◆ Work request ◆
Only an exact copy of the entries, stripped of pictures, will serve as the answer.
▽
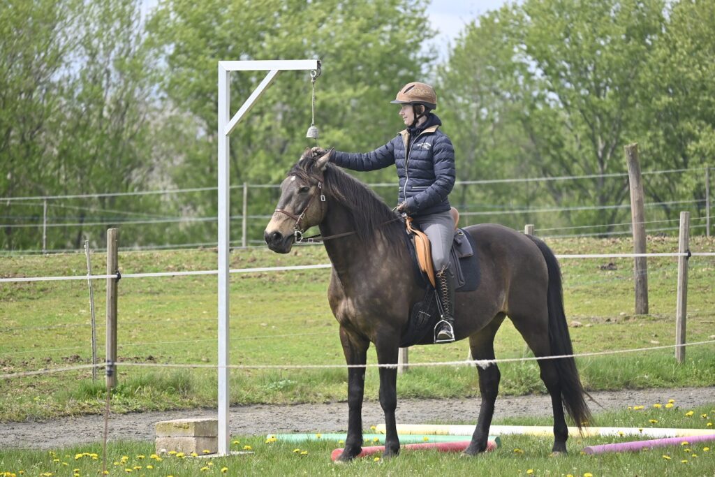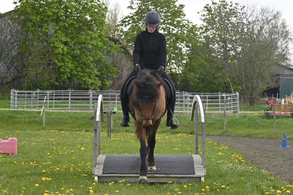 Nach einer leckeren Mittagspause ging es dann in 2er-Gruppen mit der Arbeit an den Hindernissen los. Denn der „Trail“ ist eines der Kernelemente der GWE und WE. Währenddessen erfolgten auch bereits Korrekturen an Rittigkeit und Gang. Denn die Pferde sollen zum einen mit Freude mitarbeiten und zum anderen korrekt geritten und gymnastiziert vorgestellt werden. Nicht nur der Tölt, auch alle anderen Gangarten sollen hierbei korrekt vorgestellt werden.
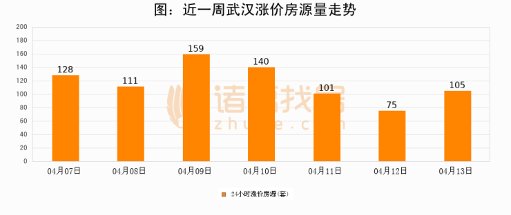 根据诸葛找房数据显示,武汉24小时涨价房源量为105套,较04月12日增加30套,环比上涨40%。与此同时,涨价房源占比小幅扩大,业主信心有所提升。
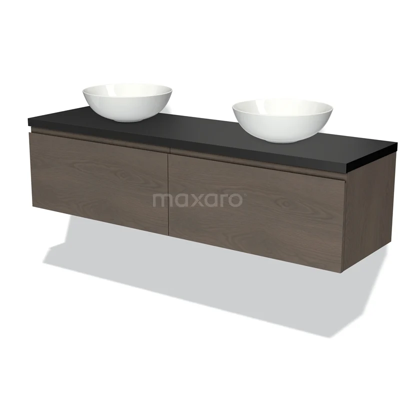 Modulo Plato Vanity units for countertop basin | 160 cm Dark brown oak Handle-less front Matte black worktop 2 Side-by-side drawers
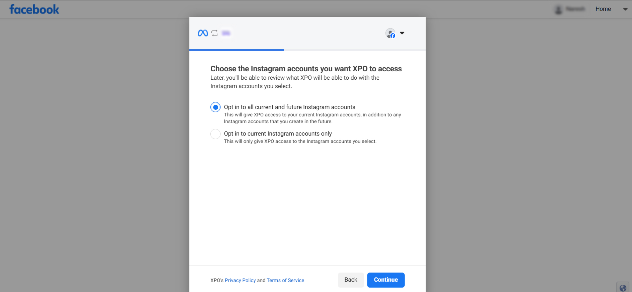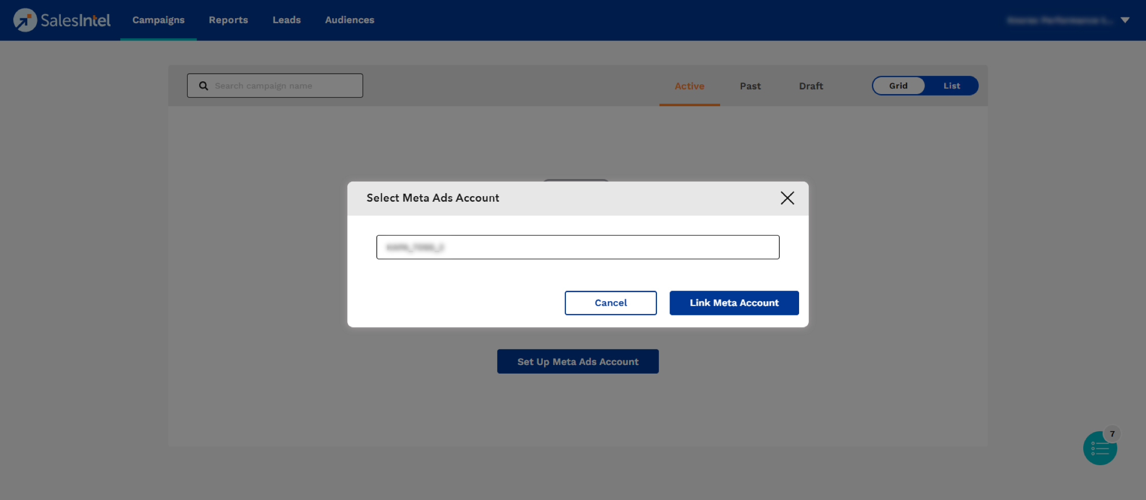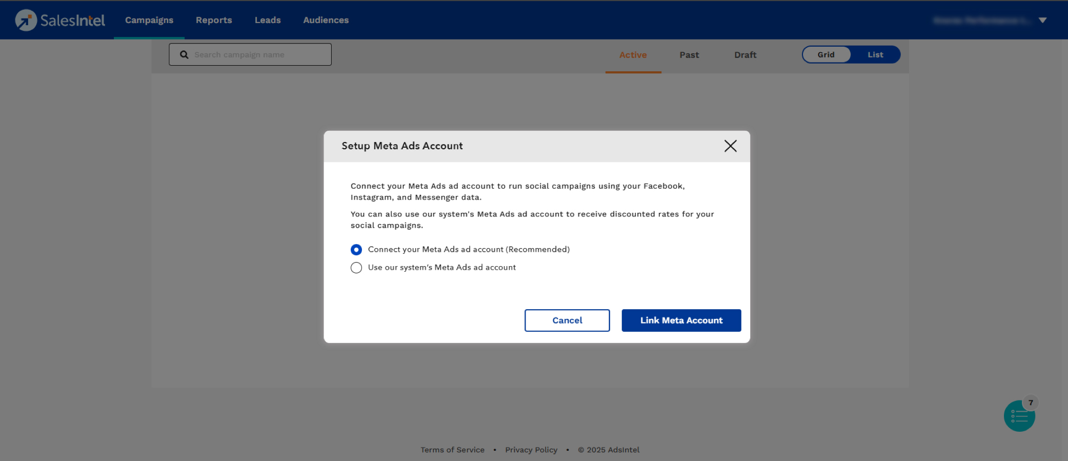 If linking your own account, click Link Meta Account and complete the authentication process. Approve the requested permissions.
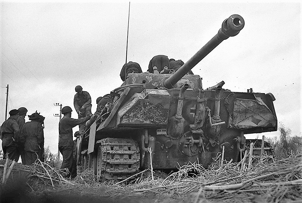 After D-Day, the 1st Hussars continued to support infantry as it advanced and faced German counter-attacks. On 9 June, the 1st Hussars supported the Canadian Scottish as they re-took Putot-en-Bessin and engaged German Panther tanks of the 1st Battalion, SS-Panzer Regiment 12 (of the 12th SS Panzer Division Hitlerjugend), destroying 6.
△
◆ Problem solution ◆
 Nach einer leckeren Mittagspause ging es dann in 2er-Gruppen mit der Arbeit an den Hindernissen los. Denn der „Trail“ ist eines der Kernelemente der GWE und WE. Währenddessen erfolgten auch bereits Korrekturen an Rittigkeit und Gang. Denn die Pferde sollen zum einen mit Freude mitarbeiten und zum anderen korrekt geritten und gymnastiziert vorgestellt werden. Nicht nur der Tölt, auch alle anderen Gangarten sollen hierbei korrekt vorgestellt werden.
 根据诸葛找房数据显示,武汉24小时涨价房源量为105套,较04月12日增加30套,环比上涨40%。与此同时,涨价房源占比小幅扩大,业主信心有所提升。
 Modulo Plato Vanity units for countertop basin | 160 cm Dark brown oak Handle-less front Matte black worktop 2 Side-by-side drawers
 If linking your own account, click Link Meta Account and complete the authentication process. Approve the requested permissions.
 After D-Day, the 1st Hussars continued to support infantry as it advanced and faced German counter-attacks. On 9 June, the 1st Hussars supported the Canadian Scottish as they re-took Putot-en-Bessin and engaged German Panther tanks of the 1st Battalion, SS-Panzer Regiment 12 (of the 12th SS Panzer Division Hitlerjugend), destroying 6.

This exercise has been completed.